IT’S a holding pattern that will become a test pattern, at least for TVN.

MATT STEWART reports in the HERLAD SUN that Victoria’s racing clubs, left stranded when NSW walked away from TVN and hopped into bed with SKY, are continuing to explore a range of broadcast options, from digital via corporate bookmakers to an ambitious pitch to Channel 7.

Initial hopes to resurrect flagging, debt-riddled TVN have been dashed with the realisation that, without the financial and exposure benefits of signing up with SKY, the offerings of a Victorian-only TVN would have been as visually engrossing as a pot plant.

Channel 7 would be a dream partner for Victoria and its desperate desire to pitch racing to a new, broader audience but TVN used to pay Seven to broadcast feature races.

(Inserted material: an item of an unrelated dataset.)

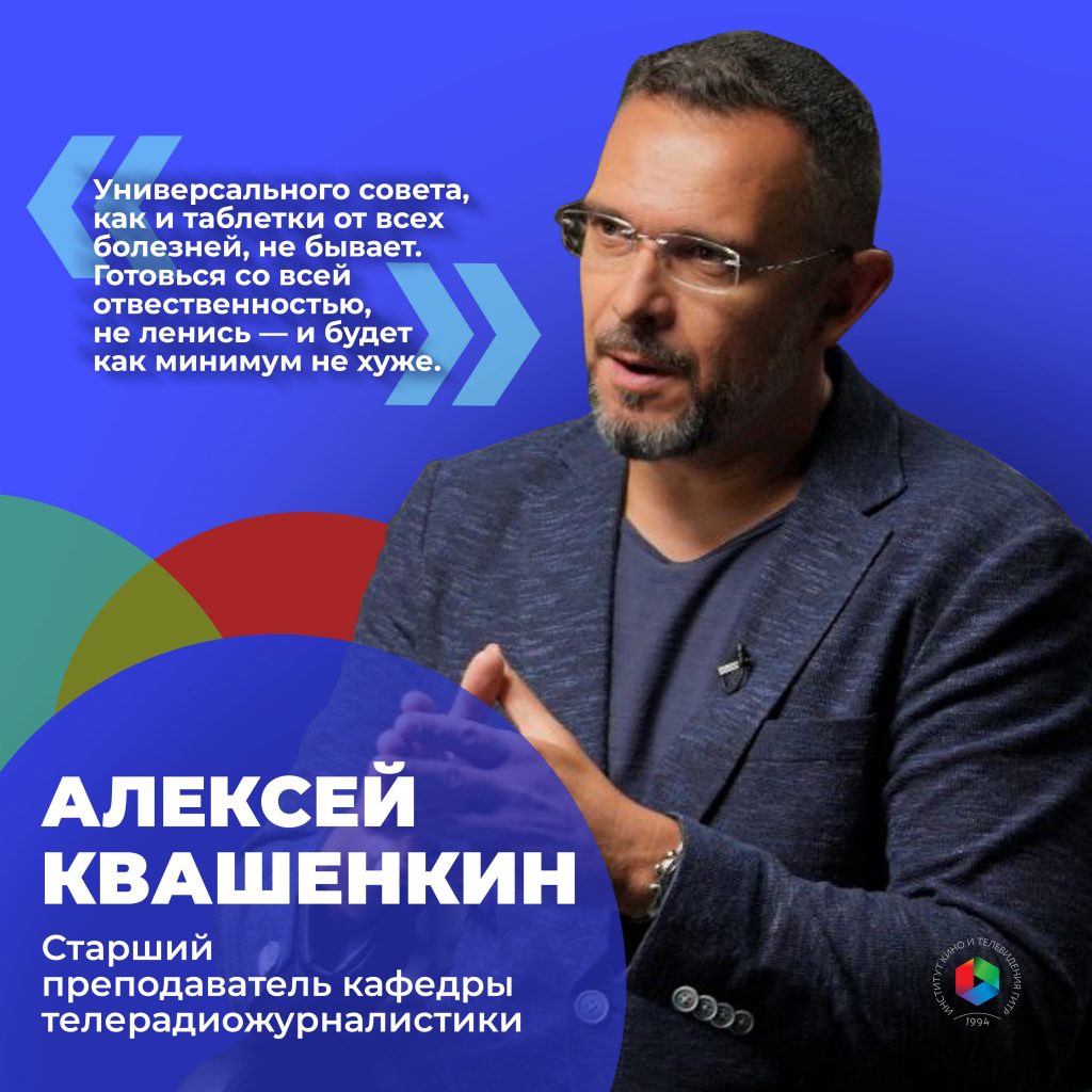 Алексей Евгеньевич Квашенкин — старший преподаватель кафедры телерадиожурналистики ГИТР, репортер, продюсер, автор фильмов — развеивает домыслы о профессии.

Why would Seven now want to start paying for the same privilege?

These are the challenges for Victoria as it prepares to read the last rights to TVN, which many observers regarded as a study in excess and undelivered promises.

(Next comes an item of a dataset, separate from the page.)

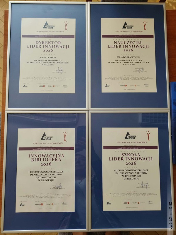 Podczas uroczystej gali konkursu "Szkoła Innowacji 2026" zorganizowanej 22 kwietnia w Wyższej Szkole Ekonomii i Innowacji w Lublinie nagrodę główną w kategorii "Dyrektor - Lider Innowacji" otrzymała dyrektor I Liceum Ogólnokształcącego im. ONZ w Biłgoraju Jolanta Rycyk. Wyróżnienie w kategorii "Nauczyciel - Lider Innowacji" uzyskała Anna Dobraczyńska. Z kolei w kategorii "Innowacyjna Biblioteka" została wyróżniona szkolna biblioteka I LO im. ONZ. Przez Kapitułę Konkursu docenione zostały także wszystkie podejmowane w szkole działania, czego dowodem jest przyznane wyróżnienie w kategorii "Szkoła - Lider Innowacji 2026".

Others say it provided a valuable gourmet service that SKY, with its wall-to-wall culture, will be unable to replicate, even on its “premium’’ channel.

One club executive said TVN’s greatest flaw was that it failed to expand racing’s audience quickly enough.

After 10 years, TVN only ever attracted 40 per cent of the racing audience yet paid exorbitant wages (compared to SKY) and consultancy fees.

Racing Victoria on Wednesday issued a statement which said the story had not really changed since the split from NSW on Christmas Eve.

RVL chairman Rob Roulston said RVL and the other clubs were working behind the scenes to sort out broadcasting opportunities for Victorian racing.

There are two inevitables, and one ensures the other.

TVN will be dead within weeks, probably straight after the Blue Diamond Stakes.

Under a new deal between the Victorian clubs and SKY, the Victorian pictures will become part of what was SKY World, which will offer the “premium’’ service of Sydney and Melbourne plus features from Adelaide and Brisbane.

TVN’s on air, online and production staff have been nervous for months, and quite rightly. A TAB official on Wednesday offered them a bleak outlook, saying the absorption of on air staff to SKY (and presumably RV’s new media arm racing.com) would be next to zero because “SKY is close to capacity’’. Not one TVN staffer has been wooed or even contacted by SKY.

Many also fear that SKY’s version of premium might not be the same as TVN’s.

SKY has always had a formal in-studio approach to coverage, whereas TVN’s was on track and very grassroots.

SKY will push for more content, more meetings, to the point where its feature channel isn’t quite wall-to-wall, but not premium either.